*** MATERIAL PROVIDED Section Begins ***

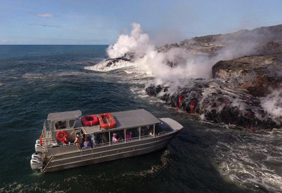 As of Nov. 2021, there are four tour operators licensed to conduct ocean tours within 300 feet of the lava entering the ocean: Lava Ocean Tours, Moku Nui Lava Tours, Kalapana Cultural Tours and Hawaiian Lava Boat Tours.  I’m sure you can find other tours and they will be cheaper.  But consider this:  it is at least a 20 mile ride on the open ocean to the lava:  Do you really want to take the chance on a unlicensed operator?  Plus, the Coast Guard has been known to board and shut down illegal operators
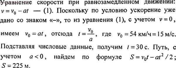 Потяг рухається рівносповільнено маючи початкову швидкість 54 кмгод, і прискорення -0.5 мс. Через який час і на якій відстані від початку гальмування потяг зупиниться?
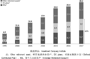 随着美国经济增长以及社会收入水平提高,美国养老资产的规模也持续增长。在1995年至2017年期间,美国养老资产的规模从6.9万亿美元增长至28.2万亿美元,平均年度增长率为14%,增速超越了美国GDP增速。
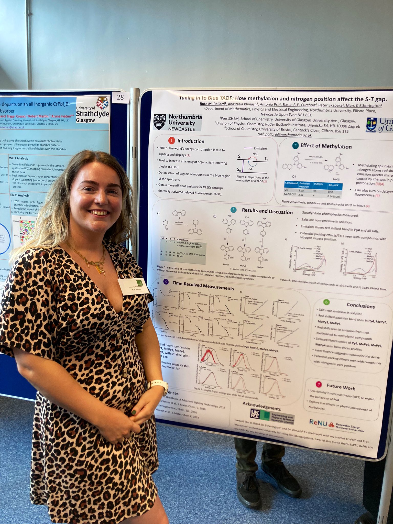 Publish date: 1 September 2023Ruth presented some of her work on the carbazole-pyridinium systems that we have been working on in collaboration with the University of Glasgow. She has demonstrated how the methylation of the nitrogen atom of the quinoline moiety can enhance the thermally activated delayed fluorescence properties of these compounds and still retain blue emission.

*** MATERIAL PROVIDED Section Ends ***

TASK INSTRUCTIONS
Reproduce the whole listing exactly, but not the images in it.

TASK OUTPUT
 As of Nov. 2021, there are four tour operators licensed to conduct ocean tours within 300 feet of the lava entering the ocean: Lava Ocean Tours, Moku Nui Lava Tours, Kalapana Cultural Tours and Hawaiian Lava Boat Tours.  I’m sure you can find other tours and they will be cheaper.  But consider this:  it is at least a 20 mile ride on the open ocean to the lava:  Do you really want to take the chance on a unlicensed operator?  Plus, the Coast Guard has been known to board and shut down illegal operators
 Потяг рухається рівносповільнено маючи початкову швидкість 54 кмгод, і прискорення -0.5 мс. Через який час і на якій відстані від початку гальмування потяг зупиниться?
 随着美国经济增长以及社会收入水平提高,美国养老资产的规模也持续增长。在1995年至2017年期间,美国养老资产的规模从6.9万亿美元增长至28.2万亿美元,平均年度增长率为14%,增速超越了美国GDP增速。
 Publish date: 1 September 2023Ruth presented some of her work on the carbazole-pyridinium systems that we have been working on in collaboration with the University of Glasgow. She has demonstrated how the methylation of the nitrogen atom of the quinoline moiety can enhance the thermally activated delayed fluorescence properties of these compounds and still retain blue emission.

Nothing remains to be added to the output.